*Dataset extract*.
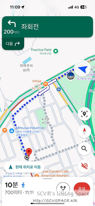 구글 지도 안내 길 중간이 이렇게 막혀있기도 했지만, 대부분은 쭉쭉 달려나가면 되서 꽤 시원하게 이동했네요.
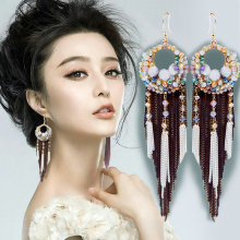 韩版流苏耳环女手工手作耳坠长款夸张饰品复古民族风大耳饰耳挂式
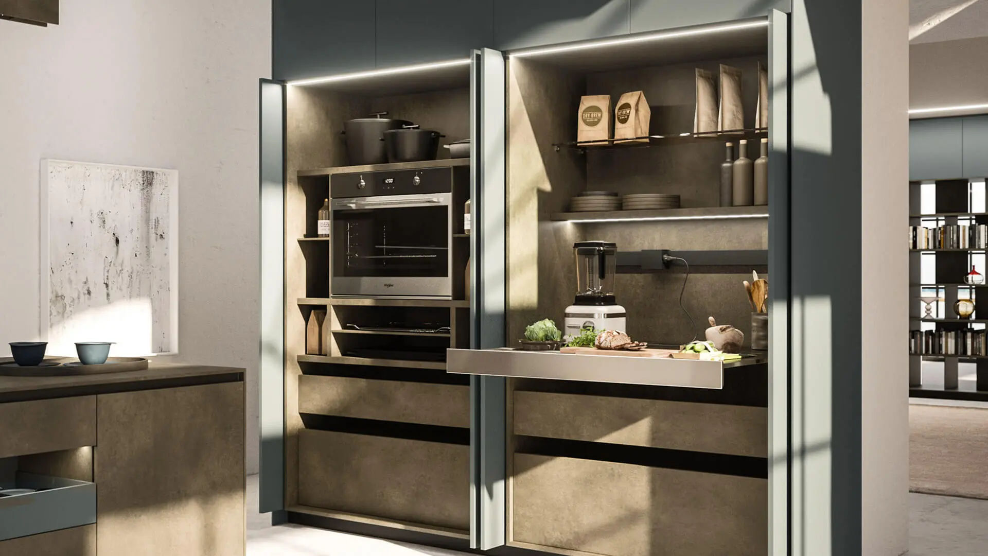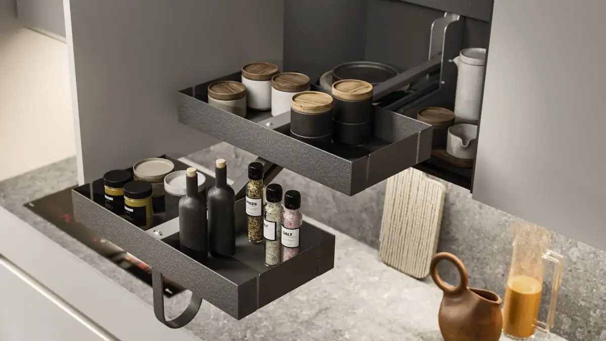 Aprovechar cada centímetro es nuestra especialidad. Los sistemas de columnas extraíbles para despensas transforman armarios profundos en espacios accesibles y visibiles al 100%. Además, nuestros mecanismos 'Magic Corner' para muebles esquineros hacen que acceder a las ollas y sartenes más escondidas sea un movimiento suave y sin esfuerzo. La gestión de residuos también se eleva con nuestros sistemas de reciclaje integrados bajo el fregadero, higiénicos y discretos.
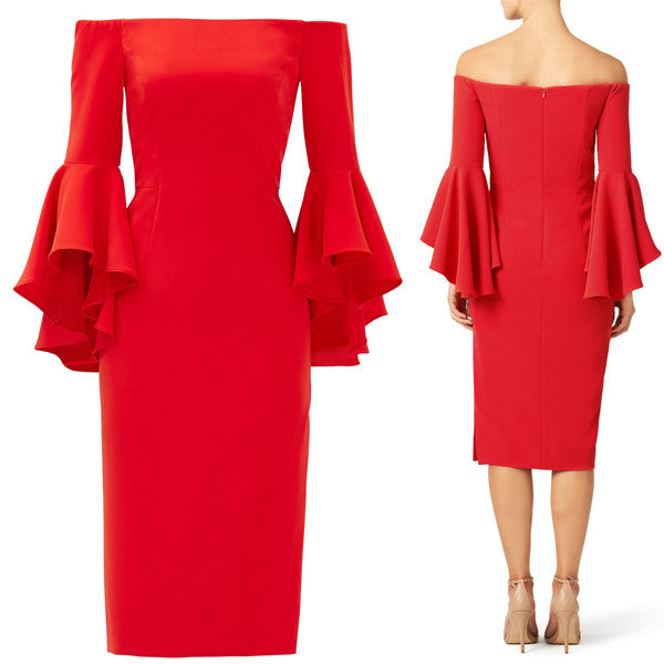 MACloth Off the Shoulder Midi Red Cocktail Dress Jersey Formal Gown

*Work instructions*. Only the lines from the one that holds "韩版流苏耳环女手工手作耳坠长款夸张饰品复古民族风大耳饰耳挂式" through the final line of the material should be reproduced, word for word, with the pictures omitted.

*Task answer*.
 韩版流苏耳环女手工手作耳坠长款夸张饰品复古民族风大耳饰耳挂式
 Aprovechar cada centímetro es nuestra especialidad. Los sistemas de columnas extraíbles para despensas transforman armarios profundos en espacios accesibles y visibiles al 100%. Además, nuestros mecanismos 'Magic Corner' para muebles esquineros hacen que acceder a las ollas y sartenes más escondidas sea un movimiento suave y sin esfuerzo. La gestión de residuos también se eleva con nuestros sistemas de reciclaje integrados bajo el fregadero, higiénicos y discretos.
 MACloth Off the Shoulder Midi Red Cocktail Dress Jersey Formal Gown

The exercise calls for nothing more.